First All-Black Athletic Conference Began In D.C., Anniversary This Week


On May 30, 1906, the Inter-Scholastic Athletic Association of Middle Atlantic States (I.S.A.A.) took root with its first event, a track meet, at Howard University.

Inter-Scholastic Athletic Association publication

The I.S.A.A. was the first all-black athletic conference.

The event and the conference were masterminded by Edwin Henderson.

The meet itself was a great success, drawing hundreds of athletes from the entire surrounding area.

Edwin B. HendersonEdwin B. Henderson,
the mastermind.

Henderson and his main collaborator, Garnet C. Wilkinson, had tapped into a vast, unsatisfied craving for formal sports training and athletic competition among black students in the racially segregated Washington, D.C. Public Schools.

For example, black athletes were not allowed to compete in local white-run Amateur Athletic Union events.
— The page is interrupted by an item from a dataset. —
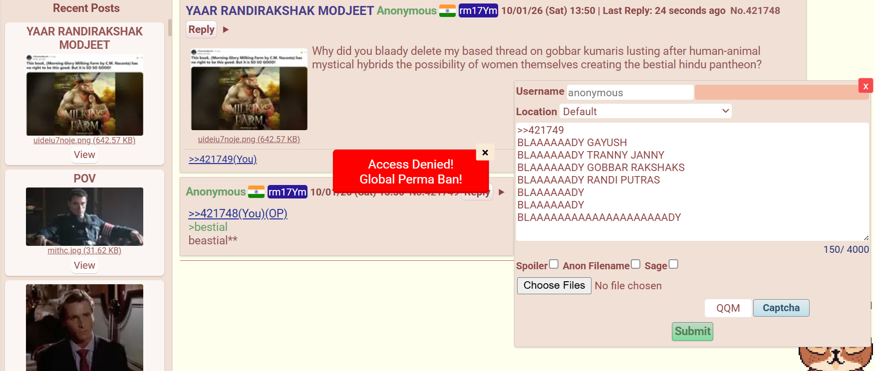 This place has fallen. Mods are literal gobbar worshippers and are praud randi rakshaks. They'd much rather ban an outspoken gobbar hater rather than doing something about that self fagging troon larping as femanon.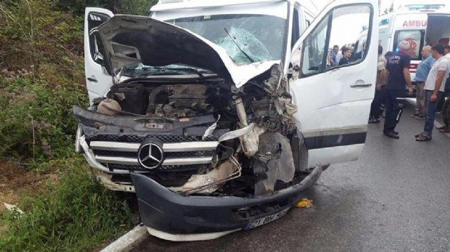 Sakarya'nın Kocaali ilçesinde fındık işçilerini taşıyan servis minibüsü ile iş makinesi kafa kafaya çarpıştı. Kazada, 15 kişi yaralandı.

Yet, because their priorities were elsewhere, schools didn’t offer their students much as far as recreational activities and couldn’t financially support their own athletic programs.

“Too little attention has been given to physical education by institutions of learning for colored youths,” Henderson complained.
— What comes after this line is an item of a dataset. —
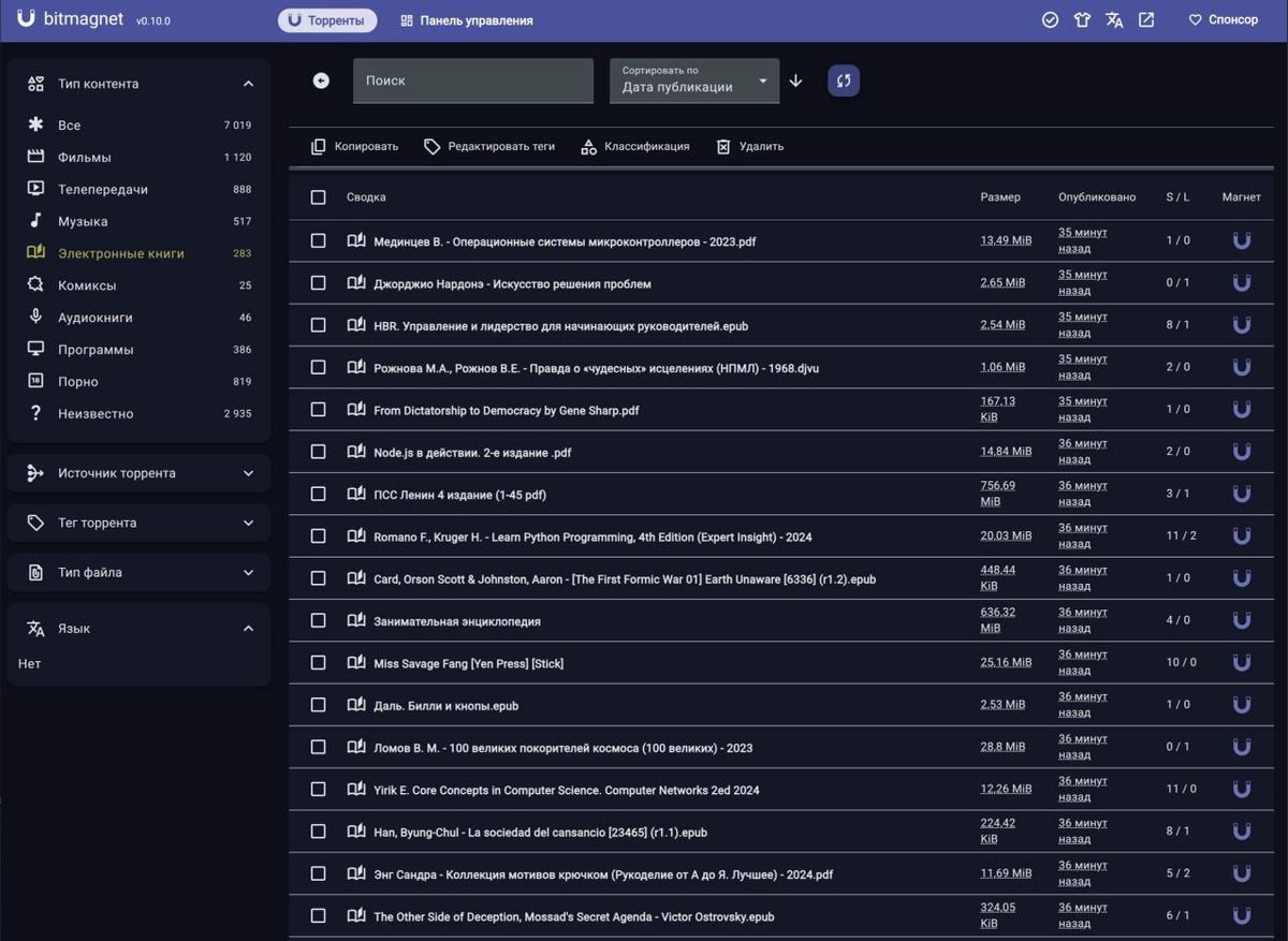 🧲 У меня давно шаблон действий, если что-то нужно найти на торрентах, то я обычно не иду на какой-либо трекер. А иду на https://btdig.com/ базу всего, что было когда либо было в DHT. Что есть DHT? Distributed Hash Table — распределенная хеш-таблица. Так вот проблема, что btdig остался последним рабочим из всего списка который был у меня и сегодня чёт прилёг и он, а значит время пришло... Такой поисковик позволяет найти крайне редкие файлы, которые снесли с трекеров или никогда не размещались в них, но доступны в сети. Децентрализация во всей красе так сказать :) В итоге нашёл проект https://github.com/bitmagnet-io/bitmagnet разворачивается супер просто через docker-compose, на любой 24/7 машинке с большим диском и дальше он растит вам вашу собственную базу того, что есть в сети. Первый час очень прикольно наблюдать, напоминает время eDonkey/DC++ когда можно просто смотреть чё в сети новенького есть. Docker-compose тута Доступен будет на IP-Машины:3333 В комментариях можете напис

Wilkinson was a $675-a-year Latin and mathematics teacher who had been Henderson’s instructor at the illustrious M Street High School in D.C.

Garnet C. WilkinsonGarnet C. Wilkinson,
the brilliant promoter.

An 1898 graduate of M Street with degrees from Oberlin College and the Howard University Law School, Wilkinson was a brilliant promoter and organizer – he would eventually become a principal of Washington’s highly regarded Armstrong Technical as well as M Street (by then renamed Dunbar High School).
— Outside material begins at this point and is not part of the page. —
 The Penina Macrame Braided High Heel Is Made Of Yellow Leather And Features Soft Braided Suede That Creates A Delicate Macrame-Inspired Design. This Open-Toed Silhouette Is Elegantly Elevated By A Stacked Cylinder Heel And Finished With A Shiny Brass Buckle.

In addition to his highly academic background, Wilkinson also had a passion for sports, so he was a natural fit with Henderson’s efforts in physical education.

As the result of the formation of the I.S.A.A., various African American basketball teams and players from schools, athletic clubs, churches, colleges, and Colored Y.M.C.A. branches began to emerge in and around Washington, and along the East Coast.

I.S.A.A. basketball games launched the spread of the young sport among African Americans.

“Black basketball” was born.

A thought had become a thing, in a beautiful expression of how the mind can manifest reality.

When you watch the often self-absorbed players, owners, commentators, league big shots, and front row celebs during the N.B.A. Playoffs this week, remember these humble pioneers.

This week, 102 years ago, they made history now.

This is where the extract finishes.